Your response should contain only the lines running from the top of the data below through the line with "Купить Тумбы подвесные", both included. Pictures must be omitted.

BEGIN EXTRACTED MATERIAL

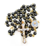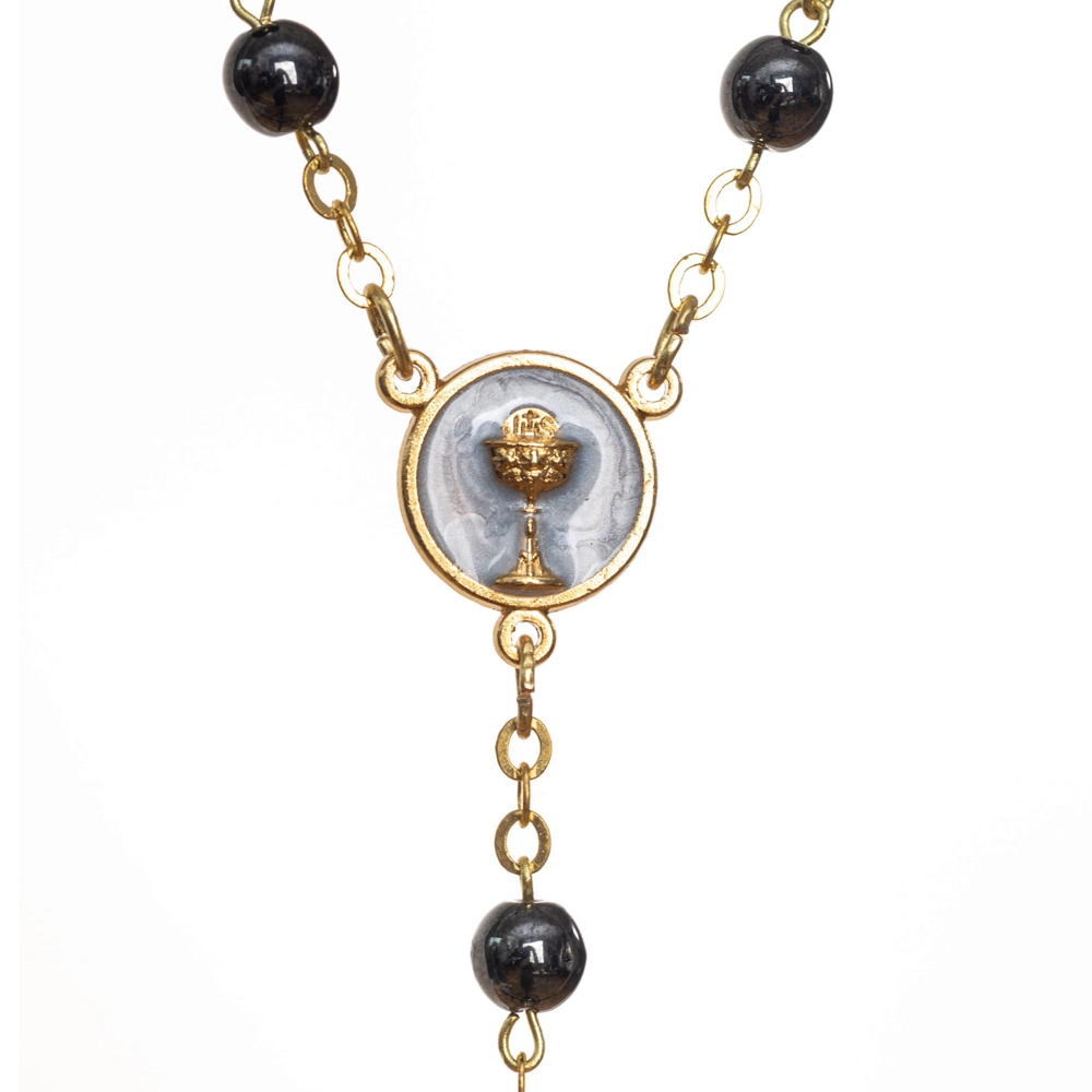 Połączenie hematytu, masy perłowej i złotych podzespołów sprawia, że różaniec ten jest nie tylko narzędziem modlitwy, ale także wyjątkowym znakiem wiary, skupienia i duchowej harmonii.
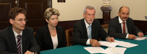 A Közgyűlés szünetében a város polgármestere és a frakcióvezetők közös sajtótájékoztatót tartottak az SZMSZ módosításával kapcsolatban. Warvasovszky Tihamér polgármester kiemelte, hogy az új Gazdasági Bizottságban a Közgyűlést alkotó frakciók fele-fele arányban adják a tagokat. Példaként említette a Pénzügi Bizottságot és több önkormányzati munkacsoportot, ahol bizonyítottan jól működik ez a rendszer. Dr. Csapó Csilla az SZDSZ részéről azt hangsúlyozta, hogy tisztább és átláthatóbb működésre lehet számítani az SZMSZ módosítása kapcsán. Dr. Cser Palkovics András a Polgári frakció nevében üdvözölte a Jogi és a Közbeszerzési Iroda létrehozását. Mint mondta áttekinthetőbb és tisztáb lesz a bizottsági struktúra működése, hiszen egy-egy ügyet minimálisan két bizottság tárgyal majd. Fontosnak nevezte a civil kontrollt az új SZMSZ-ben, miszerint állandó civil megfigyelők vehetnek részt zárt ülésen tárgyalandó naprendeknél. Rockenbauer Lajos az MSZP frakció részéről kiemelte, hogy a város költségvetése a 41 milliárd forintot is meghaladja: a fejlesztések kapcsán pedig szükség van a Közbeszerzési Irodára. Megerősítette a Polgári frakció vezetőjének azon kijelentését, miszerint nincs szó nagykoalícióról, mindössze a város működtetésének biztonságosságáról született megegyezés.
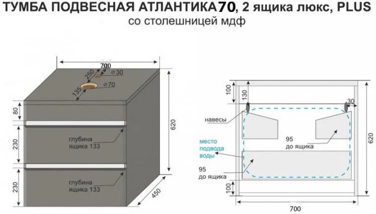 Купить Тумбы подвесные производства Style Line (Россия), коллекция Атлантика, код товара: 178066 можно выгодно в Сантемо.ру:
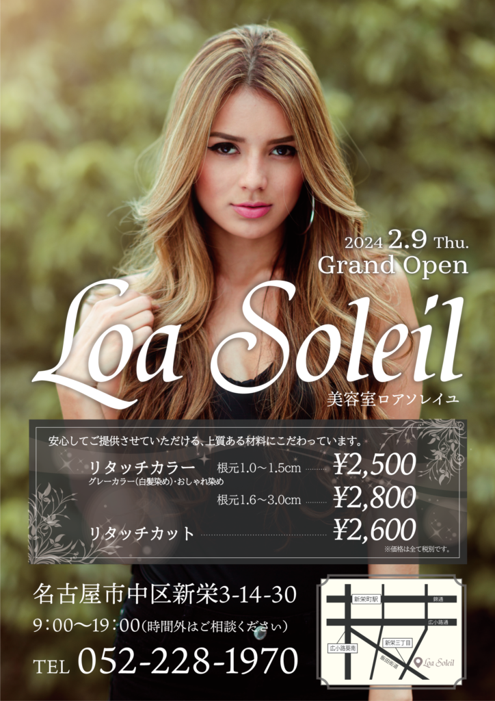 OPEN Campaign 2024.2.9 LoaSoleilがグランドオープン!!近隣住民の皆さまにはキャンペーンチラシを投函させていただいております。クーポンをお持ちの皆さまは、是非一度お気軽にご来店ください。
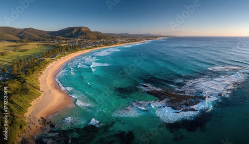beach, ocean, coast, wave, turquoise, sunrise, aerial, panorama, gold, sand, water, rock, cliff, hill, mountain, nature, landscape, scenic, view, travel, vacation, summer, holiday, stunning, beauty, tranquil, serene, vista, drone, photo, pacific, australia, coastal, palm, tree, green, grass, sunlit, calm, clear, horizon, wide, extensive, picturesque, amazing, beautiful, idylli
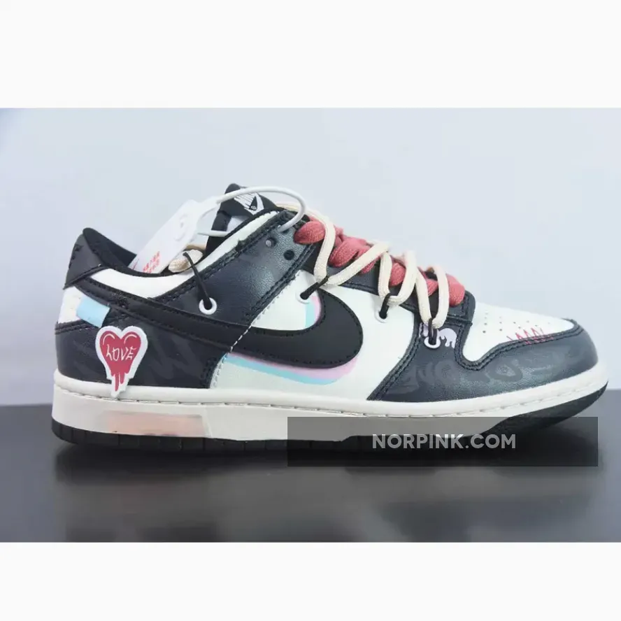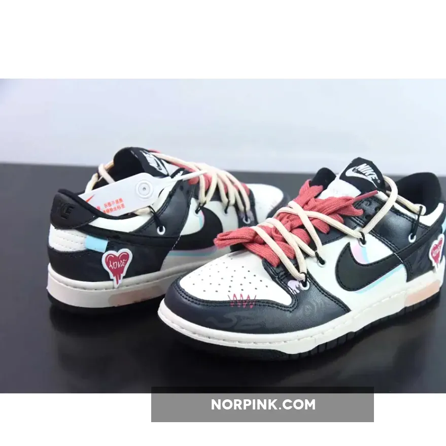 Custom Nike Dunk Low ‘Love’ Black White – elevate your look with NORPINK.COM.

END EXTRACTED MATERIAL

### OUTPUT:
 Połączenie hematytu, masy perłowej i złotych podzespołów sprawia, że różaniec ten jest nie tylko narzędziem modlitwy, ale także wyjątkowym znakiem wiary, skupienia i duchowej harmonii.
 A Közgyűlés szünetében a város polgármestere és a frakcióvezetők közös sajtótájékoztatót tartottak az SZMSZ módosításával kapcsolatban. Warvasovszky Tihamér polgármester kiemelte, hogy az új Gazdasági Bizottságban a Közgyűlést alkotó frakciók fele-fele arányban adják a tagokat. Példaként említette a Pénzügi Bizottságot és több önkormányzati munkacsoportot, ahol bizonyítottan jól működik ez a rendszer. Dr. Csapó Csilla az SZDSZ részéről azt hangsúlyozta, hogy tisztább és átláthatóbb működésre lehet számítani az SZMSZ módosítása kapcsán. Dr. Cser Palkovics András a Polgári frakció nevében üdvözölte a Jogi és a Közbeszerzési Iroda létrehozását. Mint mondta áttekinthetőbb és tisztáb lesz a bizottsági struktúra működése, hiszen egy-egy ügyet minimálisan két bizottság tárgyal majd. Fontosnak nevezte a civil kontrollt az új SZMSZ-ben, miszerint állandó civil megfigyelők vehetnek részt zárt ülésen tárgyalandó naprendeknél. Rockenbauer Lajos az MSZP frakció részéről kiemelte, hogy a város költségvetése a 41 milliárd forintot is meghaladja: a fejlesztések kapcsán pedig szükség van a Közbeszerzési Irodára. Megerősítette a Polgári frakció vezetőjének azon kijelentését, miszerint nincs szó nagykoalícióról, mindössze a város működtetésének biztonságosságáról született megegyezés.
 Купить Тумбы подвесные производства Style Line (Россия), коллекция Атлантика, код товара: 178066 можно выгодно в Сантемо.ру:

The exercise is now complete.